Страница 9 из 16
Один из стражников приподнялся и заговорил:
– Господин учитель, эти двое решились войти в пагоду Размышлений, дабы украсть отсюда масло…
– Масло? – удивился Тин-Фу. – Для чего каким-то бродягам красть у меня масло?
– Должно быть, – вмешался другой, – они прослышали о том, что учитель хранит здесь в алебастровых сосудах благоуханное и душистое масло.

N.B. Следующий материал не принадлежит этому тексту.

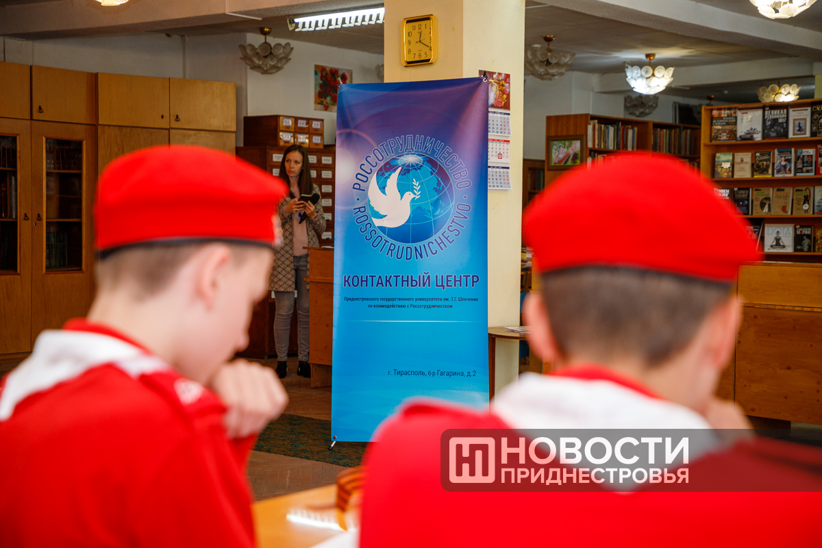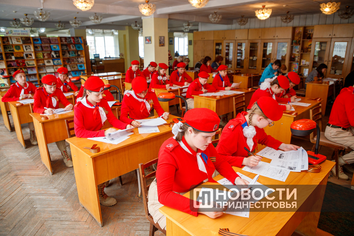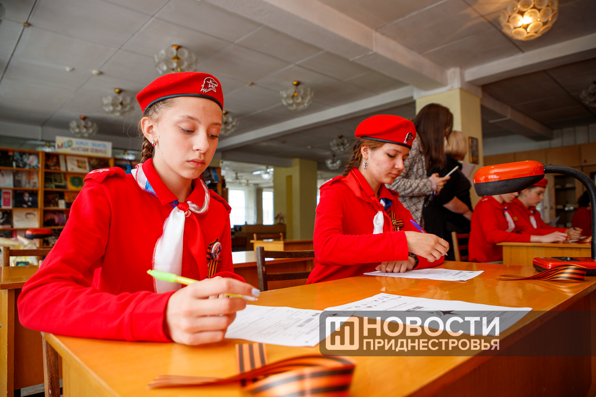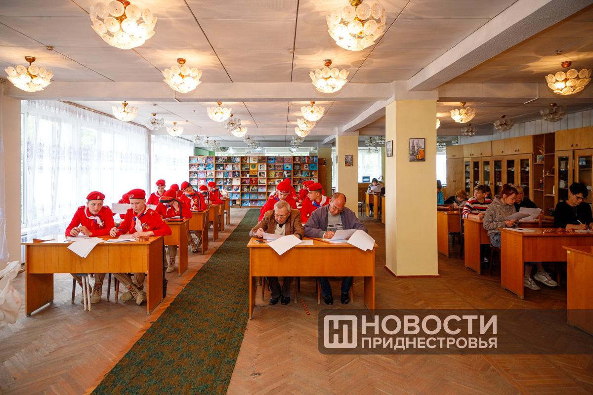 В столице на площадке Тираспольской городской библиотеки им. А. С. Пушкина Диктант Победы писали юнармейцы, работники и читатели библиотеки.

– Никто не ответил на мой вопрос, – повторил Тин-Фу, – для чего бродягам масло?
– Они проникли сюда, – сделал попытку третий стражник, – и разлили масло. Мы пытались задержать их, но сражение затянулось…
– В любом случае, они в наших руках, – заключил первый стражник. – И учитель может делать с ними все, что пожелает.
– С ними был еще третий, – добавил второй стражник. – Рослый, черноволосый тип. Гора мышц. Настоящая горная горилла!
– Горилла… – Тин-Фу ненадолго задумался. По его лицу медленно блуждала улыбка. Это была улыбка мудреца и созерцателя, который уже успел увидеть, как по реке мимо него проплывает труп его кровного врага.
Наконец некая мысль осенила Тин-Фу. Он хлопнул в ладоши.
– Немедленно поднимитесь и приведите беседку в порядок! Я не желаю видеть здесь все эти осколки! Пленников связать и оставить здесь, на моих глазах!
Это повеление было исполнено. Оба незадачливых ученика Тьянь-По были скручены веревками и брошены на землю, к ногам Тин-Фу. Мудрец разглядывал их некоторое время, затем спросил:
– Кто вы?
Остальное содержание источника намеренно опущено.